Implementing Touch Sensitive Microfiber Devices with Children's Feet
Received: 06-Dec-2022 / Manuscript No. crfa-22-83833 / Editor assigned: 08-Dec-2022 / PreQC No. crfa-22-83833 / Reviewed: 22-Dec-2022 / QC No. crfa-22-83833 / Revised: 24-Dec-2022 / Manuscript No. crfa-22-83833 / Published Date: 31-Dec-2022
Keywords
Foot; Polyester fabric
Editorial
Microfiber Devices for Children's Feet
Recognizing foot growth can help parents anticipate people's hormonal problems and determine when to purchase new shoes. To what extent footwear influences the structural growth of the feet and related locomotor behaviours is yet unknown to orthopedists. Given that children's shoes are considered disposable because of their quick foot growth, parents will only purchase a low-cost brand. Consumers' opinions on children's shoes are not addressed since they are not fully aware of barefoot literacy. This study intends to measure the development and growth of a child's feet, specifically the length of the foot, by integrating knitting smart textile sensors into children's shoes [1-3]. Two prototype arrangements were evaluated on 30 kids, each of whom placed their feet inside the instrumented shoes for ten seconds. Their toes' distance from the sensor was used to correlate capacitance data, which were then verified against shoe size and foot length. Foot length and capacitance readings were modelled using linear regression. (p-value = 0.01, standard error = 0.08; determined to be statistically significant) This regression model. The findings of this study suggest that knitted textile sensors can be used within shoes to provide a thorough understanding of kid foot growth [4].

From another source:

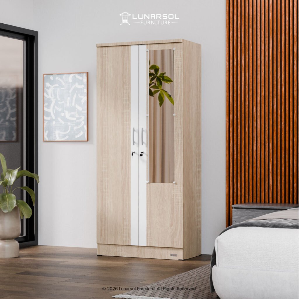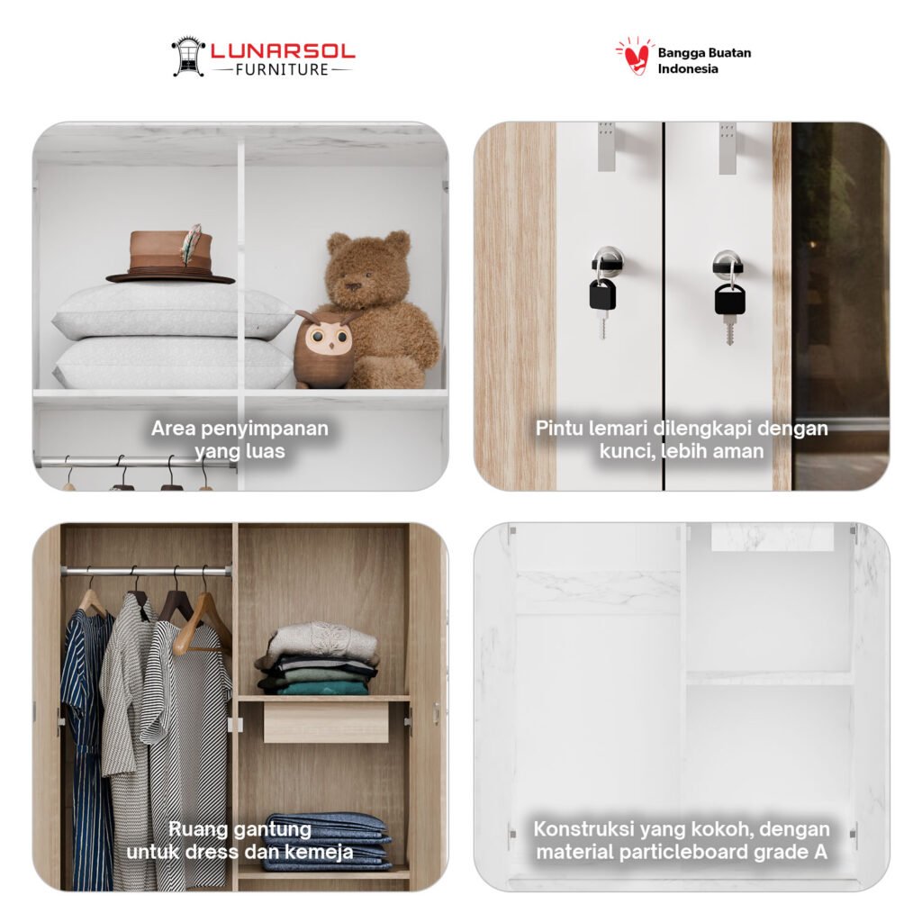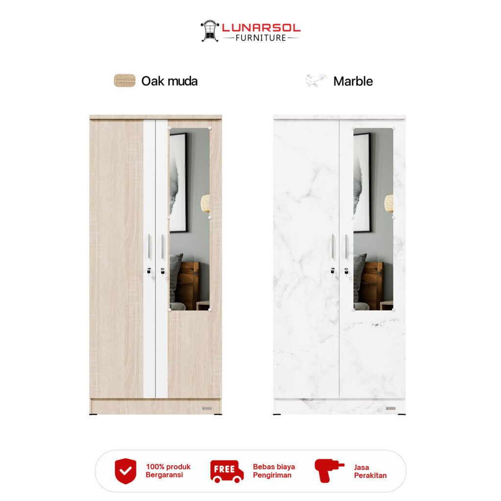 Optimalkan ruang Anda dengan lemari pakaian minimalis 2 pintu LUNARSOL LPT 011. Lemari ini memadukan desain modern yang elegan dengan fungsionalitas maksimal, menjadikannya solusi ideal untuk ruangan dengan dimensi terbatas. Dibuat dari material kayu berkualitas tinggi, lemari ini kokoh dan tahan lama. Desainnya yang minimalis dengan perpaduan warna Oak Muda White dan Marble memberikan sentuhan mewah pada kamar Anda.

According to research on foot morphology, throughout the first three years of life, the foot lengthens by about 2 mm each month. For children aged one to five years, various foot-growth rates have been found in more thorough research.
old. Growth rates for both sexes are comparable; Boys' feet, on the other hand, are more likely to become one size longer and one size wider. Additionally, it is suggested that the moment a child begins to stand and walk has a significant impact on the development of their foot. The majority of manufacturers produce miniature adult shoes. However, the foot anatomy and characteristics of children's and particularly toddlers' feet differ from those of adults' feet. During earliest stages, there is no requirement for a shoe as they won't walk. The sole function of the shoe is to provide protection from the weather and the environment from the time that they begin to walk, which is between the ages of one and two [5-7]. Because of this, shoes for children of this age need to be extremely pliable and supple in order to give them the freedom to move around like they were barefoot. Because they put extra stress on the joints in the feet and ankles, thick soles would hinder the development of the foot. The question of whether footwear influences the structural development of the feet and the associated locomotor behavior is still unanswered by podiatrists. The occurrence of a child's growth spurt and an indication of when to purchase new shoes can both benefit from information on foot growth. There is a lack of information regarding when parents purchase new shoes and how their children's feet grow inside these shoes, despite the fact that research on foot growth is known to be one of the best indicators of a growth spurt and possibly of various diseases. The development and validation of in-shoe monitoring tools for observing the growth and development of children's feet, including foot shape and structure (anthropometric parameters) and specifically foot length, are described in this study [8].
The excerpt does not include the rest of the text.